4. I think the box art Revell is currently using for this kit was originally painted for the company's big 1/96 kit, which represents the ship's 1814 configuration. The transom in your kit matches the one on the real ship as she was in 1956 - and probably is about right for the 1830s. (Nobody's exactly sure what her transom looked like throughout her history. Marquardt's book shows four versions of it - with three, four, six and eight windows.)
Unfortunately, scarcely any aftermarket photo-etched parts for sailing ship models are available. I am unaware of any aftermarket merchandise designed specifically for a plastic sailing ship kit. Plastic sailing ship modelers do make lots of use of aftermarket cast metal and wood parts from companies like Bluejacket (www.bluejacketinc.com) and Model Expo (www.modelexpoonline.com). But you're not going to find anything like the sorts of "ship sets" that cater to the twentieth-century warship modelers.

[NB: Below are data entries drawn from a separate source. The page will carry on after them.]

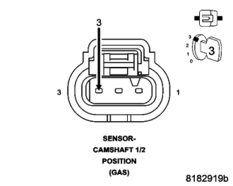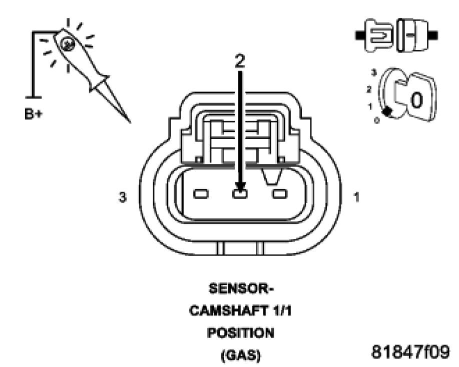 Using a 12 volt test light connected to 12 volts, check the (K900) Sensor Ground in the Camshaft 1/1 Position Sensor harness connector.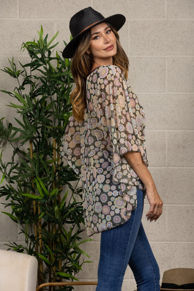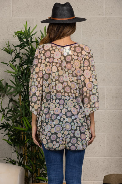 Effortlessly elevate your beach look with our Purple Floral Print Silhouette Cover-Up T7300. The stunning purple floral print adds a touch of femininity to the versatile silhouette, perfect for effortlessly transitioning from beach to boardwalk. Exude confidence and style with this must-have cover-up!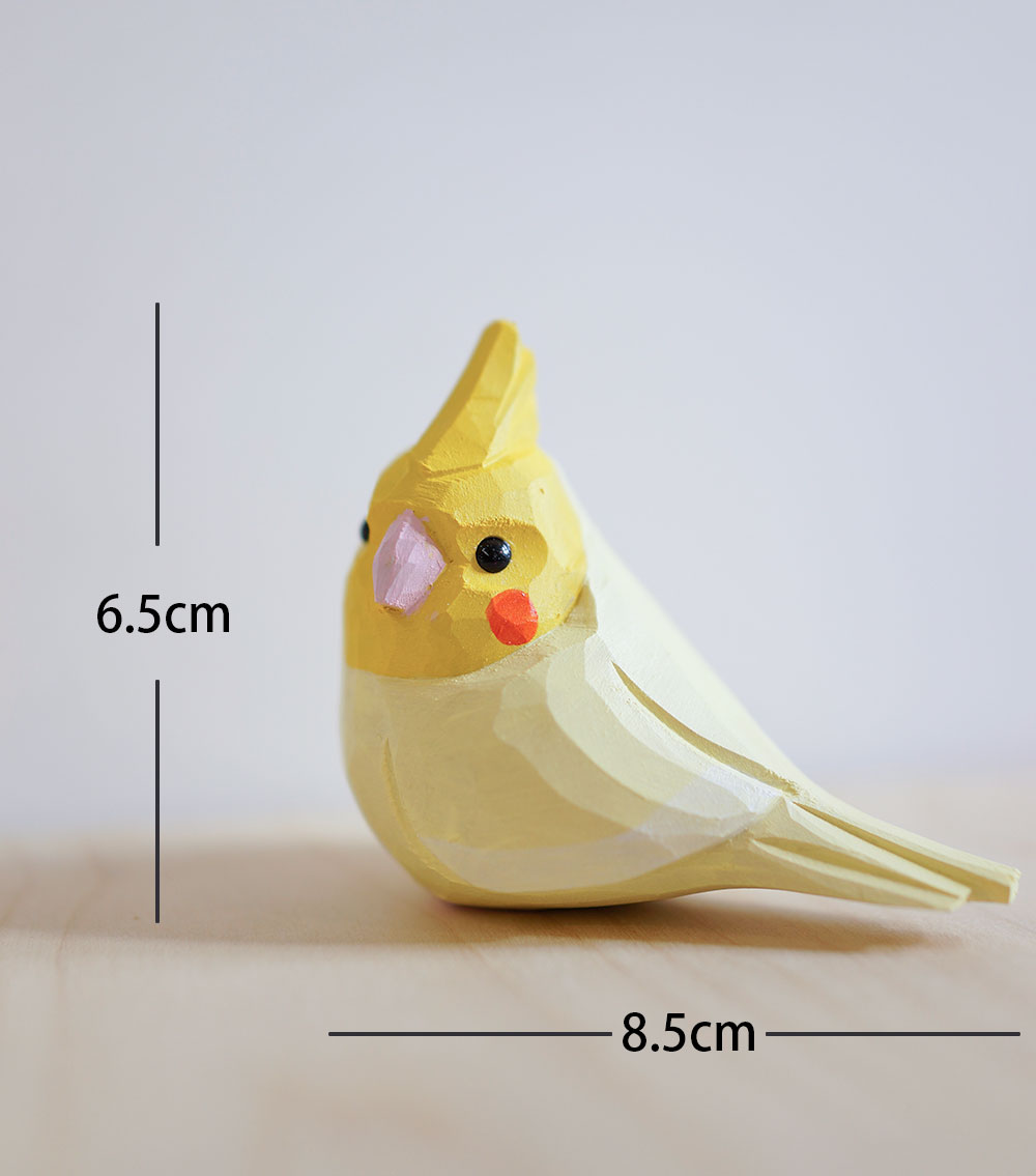 Available in two variations—classic yellow cockatiel and elegant grey cockatiel—these little parrots measure approximately 6.5 cm tall, 8.5 cm long, and 4 cm wide, making them the perfect size for desks, shelves, or any cozy corner.
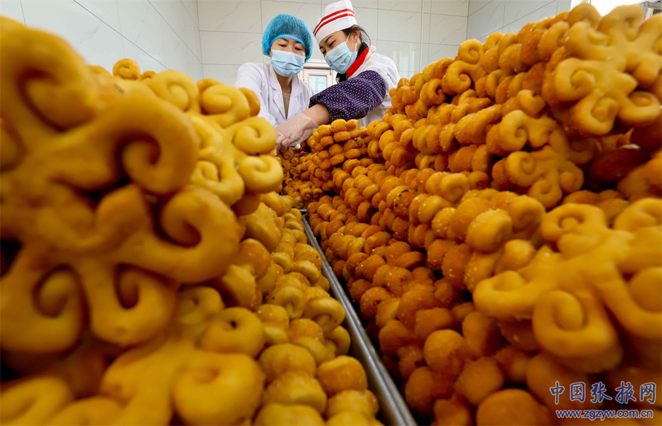 1月10日,張掖市山丹縣隴圓食品加工坊饃饃制作車間里,工作人員正在緊張忙碌著將制作好的“糖花子”放入冷卻盤中。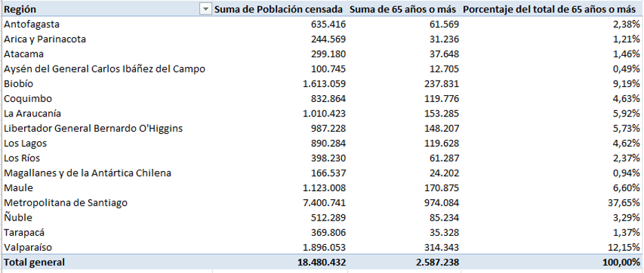 La distribución territorial del envejecimiento refuerza la idea de que el modelo vigente no resulta ser suficiente por sí mismo. En el margen del año 2024, los resultados arrojados por el Censo mostraron que en Chile habitan alrededor de 2.587.238 personas de 65 años o más. Si bien la Región Metropolitana concentra 974.084 personas mayores (37,65%), el 62,35% vive fuera de la misma. Existen siete regiones –excluyendo la Región Metropolitana– que superan las 100.000 personas mayores: Valparaíso (314.343), Biobío (237.831), Maule (170.875), La Araucanía (153.285), O’Higgins (148.207), Coquimbo (119.776), Los Lagos (119.628). En conjunto, las siete regiones señaladas reúnen 1.263.945 personas mayores (48,85% del total nacional). La distribución demográfica –frente a la concentración del 72% de geriatras ejerciendo en la Región Metropolitana– dificulta sostener los mecanismos de respuesta al envejecimiento, especialmente si estos operan con dispositivos presenciales y con escasez de profesionales. La expansión en la cobertura requiere descentralización y planificaciones que ayuden a combatir el déficit de geriatras en el país.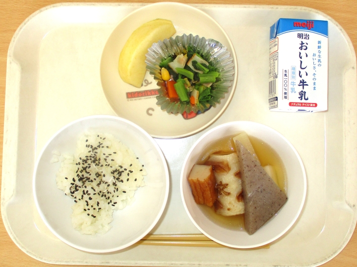 12月26日 ごましおごはん、おでん、小松菜とベーコンのソテー、りんご、牛乳
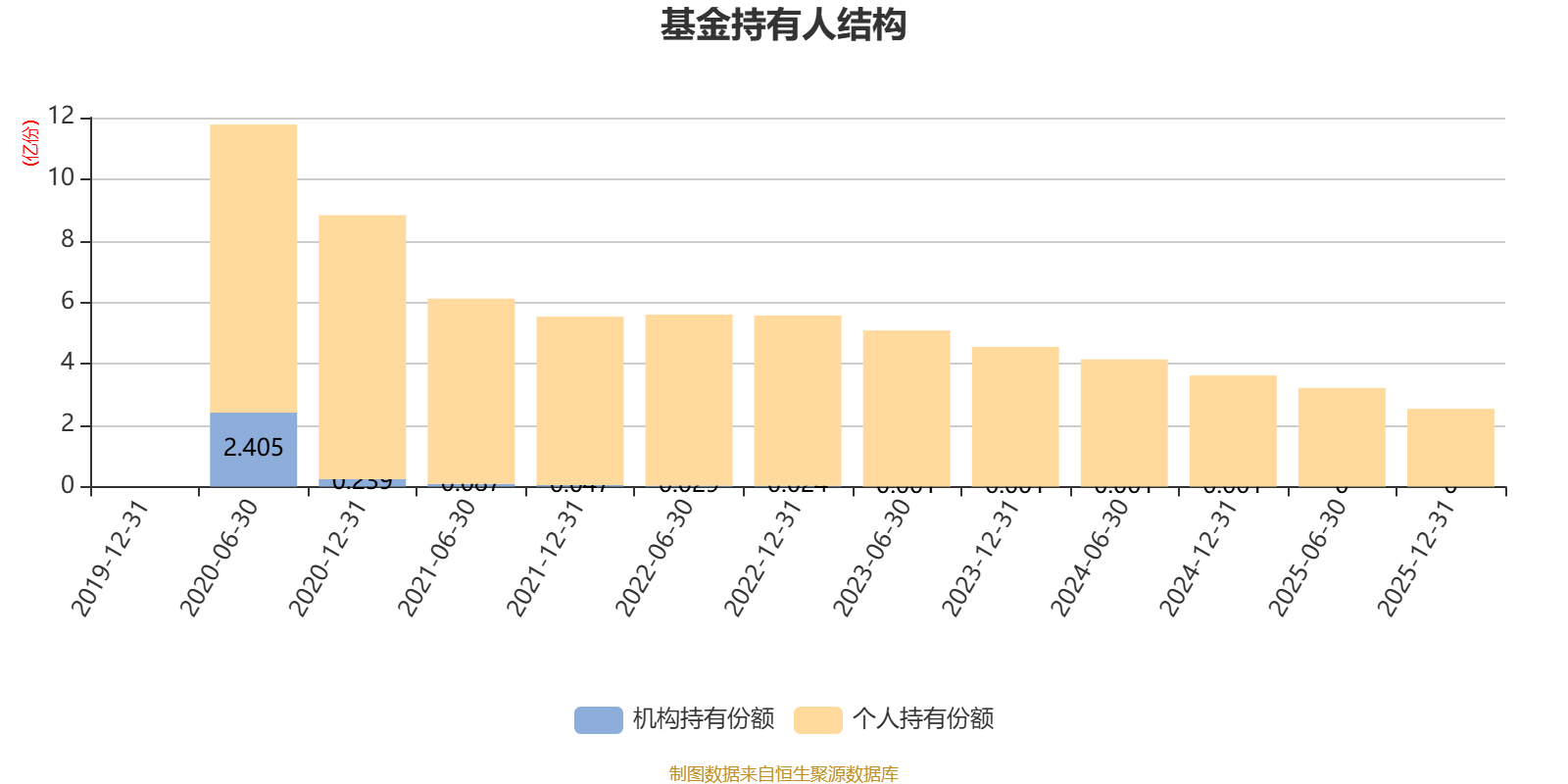 截至2025年12月31日,基金持有人共计1.09万户,合计持有2.53亿份。其中管理人员工持有281.3份,机构持有份额占比0.00%,个人投资者占比100.00%。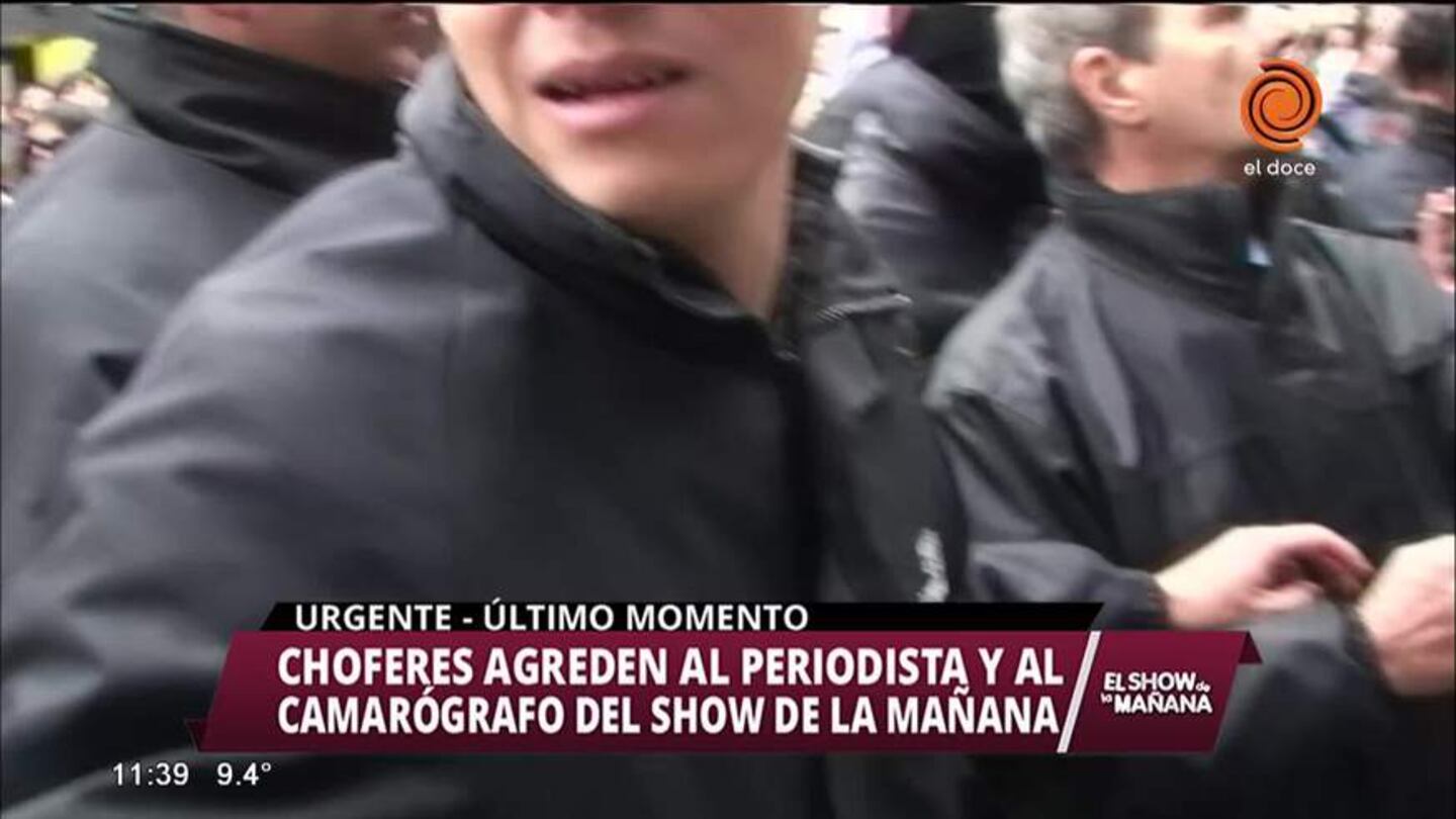 El equipo periodístico encabezado por el cronista Andy Ferreyra fue atacado por los choferes agrupados frente al Ministerio de Trabajo de la Provincia.

5. Yes - it's wrong. Each mast is made up of three parts: lower mast, topmast, and topgallant mast. Each has four yards (the horizontal spars from which the sails are suspended): lower, topsail, topgallant, and royal. (The lower yard on the mizzen mast is actually called the crossjack, or crojack, yard.) The lower yards are fixed in position vertically (though they swing horizontally to let the sails catch the wind). The topsail, topgallant, and royal yards slide up and down when the sails are set and furled. The sections of the masts on which the yard slides can't be painted; the mechanism that lets the yard slide (called a parrel, or parral) would scrape the paint off. The unpainted sections are slushed down periodically with grease, making them a dull, orange-ish brown. The lower masts probably were painted white in the 1830s (though there's some controversy over what colors they were during other periods). The tops, crosstrees, and doublings (the portions where the sections of the mast overlap) were also white. A glance at a good photo of the real ship will clarify all this.
6. If you do a search on the word "Constitution" in this forum you'll find quite a bit of useful information. The ship herself has a website: www.ussconstitution.navy.mil . The Constitution Museum, which is a few yards away from the ship in the Boston Navy Yard, has its own site: www.ussconstitutionmuseum.org . Another very useful site, which one probably wouldn't think of (unless one did a Google search) is www.polkcounty.org/timonier . Polk County, North Carolina, is the current residence of the aforementioned Captain Martin. He's posted some extremely interesting information about the ship on that site - including some material you won't find elsewhere.
Hope all that helps a little. Good luck.